Quantum field theory with a preferred direction: The very special relativity framework

TL;DR

This paper constructs a quantum field theory within the very special relativity framework, incorporating a preferred direction, and analyzes its implications on particle behavior and interactions.

Contribution

It provides a rigorous construction of quantum fields with a preferred direction based on the VSR group, extending to higher spins and analyzing interaction effects.

Findings

Particles differ between VSR and Lorentz sectors but share similarities.

Massive spin-half and spin-one fields are local and obey Dirac and Proca equations.

Preferred direction affects polarized processes but not unpolarized ones.

Abstract

The theory of very special relativity (VSR) proposed by Cohen and Glashow contains an intrinsic preferred direction.
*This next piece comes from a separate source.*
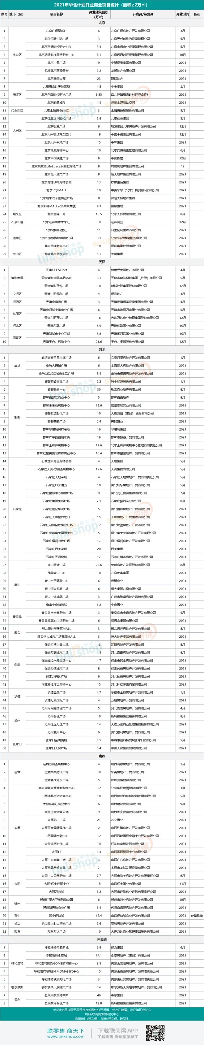 附:2021年華北地區擬開業商業項目統計表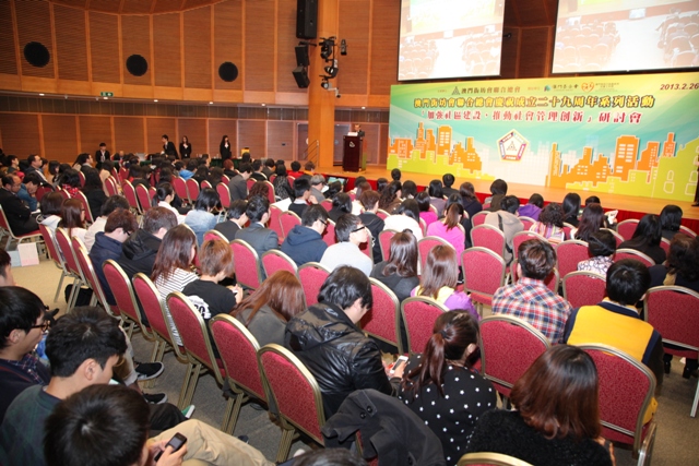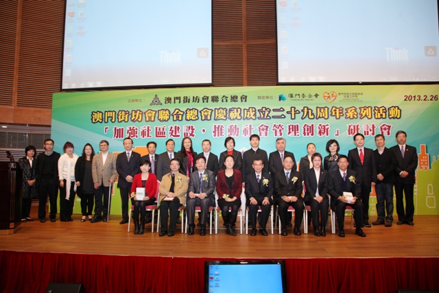 街總昨假科學館會議廳舉行“加強社區建設 · 推動社會管理創新”研討會,邀請國家民政部門及內地高等教育學府代表主講,探討創新社會管理,近百社 區服務人員參與。街總理事長吳小麗認為,社會管理是一項系統工程,特區政府作為社會管理的主導者,應認真思考在“一國兩制”方針指引下,依照基本法,大力 推進社會管理創新,是澳門新時期的發展需要。

Starting from the irreducible unitary representation of the inhomogeneous VSR group $ISIM(2)$, we present a rigorous construction of quantum field theory with a preferred direction. We find, although the particles and their quantum fields between the VSR and Lorentz sectors are physically different, they share many similarities. The massive spin-half and spin-one vector fields are local and satisfy the Dirac and Proca equations respectively. This result can be generalised to higher-spin field theories. By studying the Yukawa and standard gauge interactions, we obtain a qualitative understanding on the effects of the preferred direction. Its effect is manifest for polarised processes but are otherwise absent.